Fixed Costs Pilot Scheme for Construction Disputes

12 May, 2017

In March 2017, as part of a wider drive to control the costs of litigation, proposals for a fixed costs pilot scheme were unveiled.   The pilot scheme will run in the Mercantile Court in London (which typically handles commercial and business disputes but is distinct from the TCC) and, importantly for readers of this blog, the TCC in Manchester.  Key features of the proposed pilot scheme are:


  • The scheme will not be imposed but will require consent of all parties.
  • Once a case is opted into the scheme it cannot be removed from the scheme.
  • In order to work within a fixed costs regime, cases in the scheme will impose limits on the length of statements of case and of witness statements and the cases will be the subject of more rigorous and controlled case management.  This includes controlling the number of witnesses, the length of trial and the conduct of trial.
  • The trade off for agreeing to work within the scheme is twofold.  First there is certainty of exposure to costs (this of course means a successful party may have to bear more of their own costs than they otherwise would).  Second, the pilot scheme envisages cases on the scheme being fast tracked, so determinations will be swifter than for those cases outside of the scheme.

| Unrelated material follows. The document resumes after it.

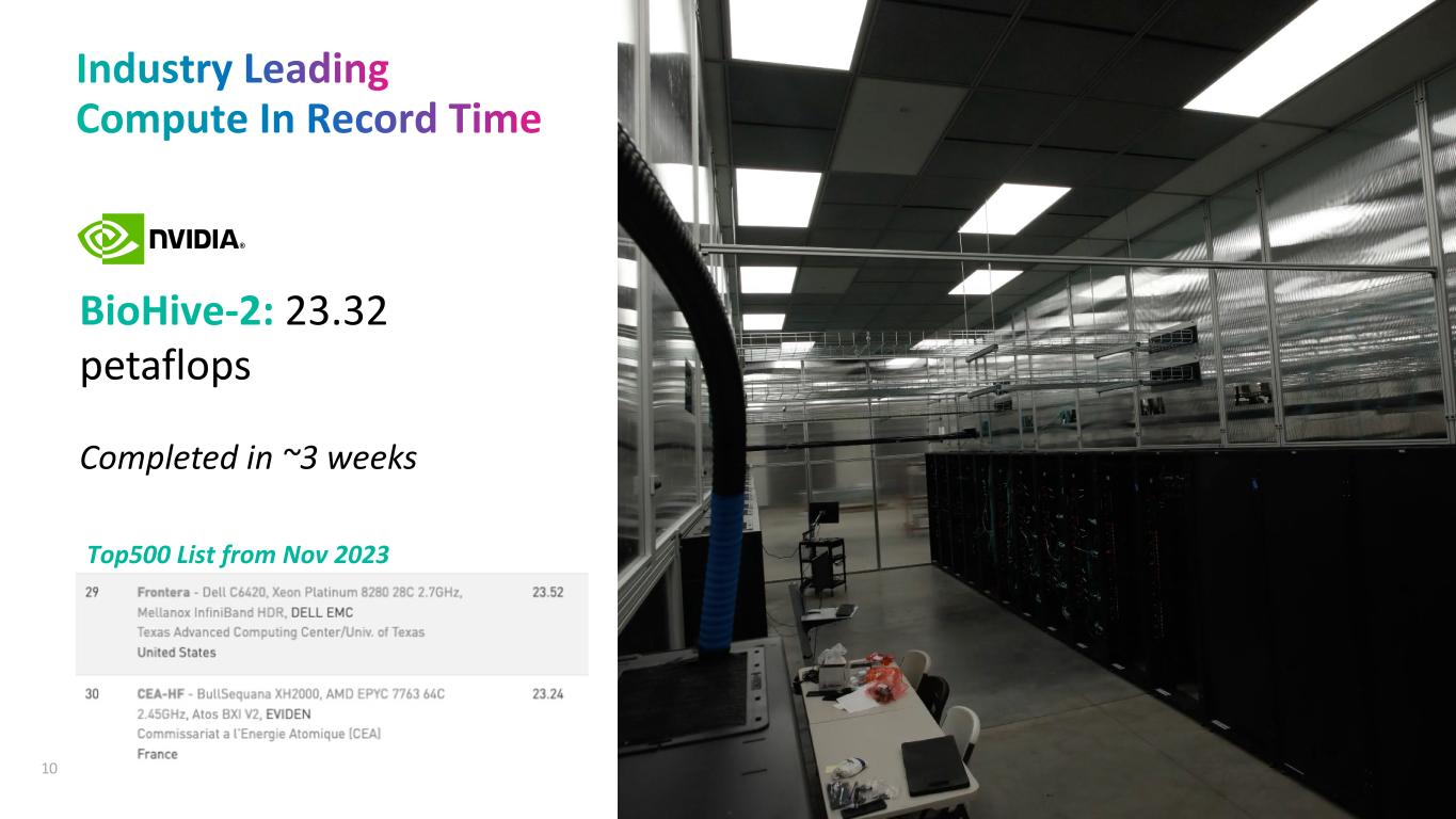 BioHive-2: 23.32 petaflops Completed in ~3 weeks 10 Top500 List from Nov 2023

The details of the scheme are of course awaited but it seems to be most appropriate for cases where the roadmap to trial is well defined (meaning the costs are predictable).  It may not lend itself to all but the most straightforward of construction disputes.  The intention in March was for the Rules Committee regulating civil litigation to have approved the pilot scheme by Summer this year, and for it to have been implemented shortly thereafter.  Whether the since-announced General election will place these plans on hold remains to be seen, but if that is the case it is assumed it will only delay the implementation of the pilot scheme rather than discard it.  Costs certainty is the clear direction of travel for civil litigation generally and has been for some time, so the implementation of a pilot scheme such as this one is part of a much wider long term effort on the part of the Rules Committee to introduce fixed and capped costs into the majority of civil litigation disputes, an so is something for all of those involved in any dispute resolution process to be alive to.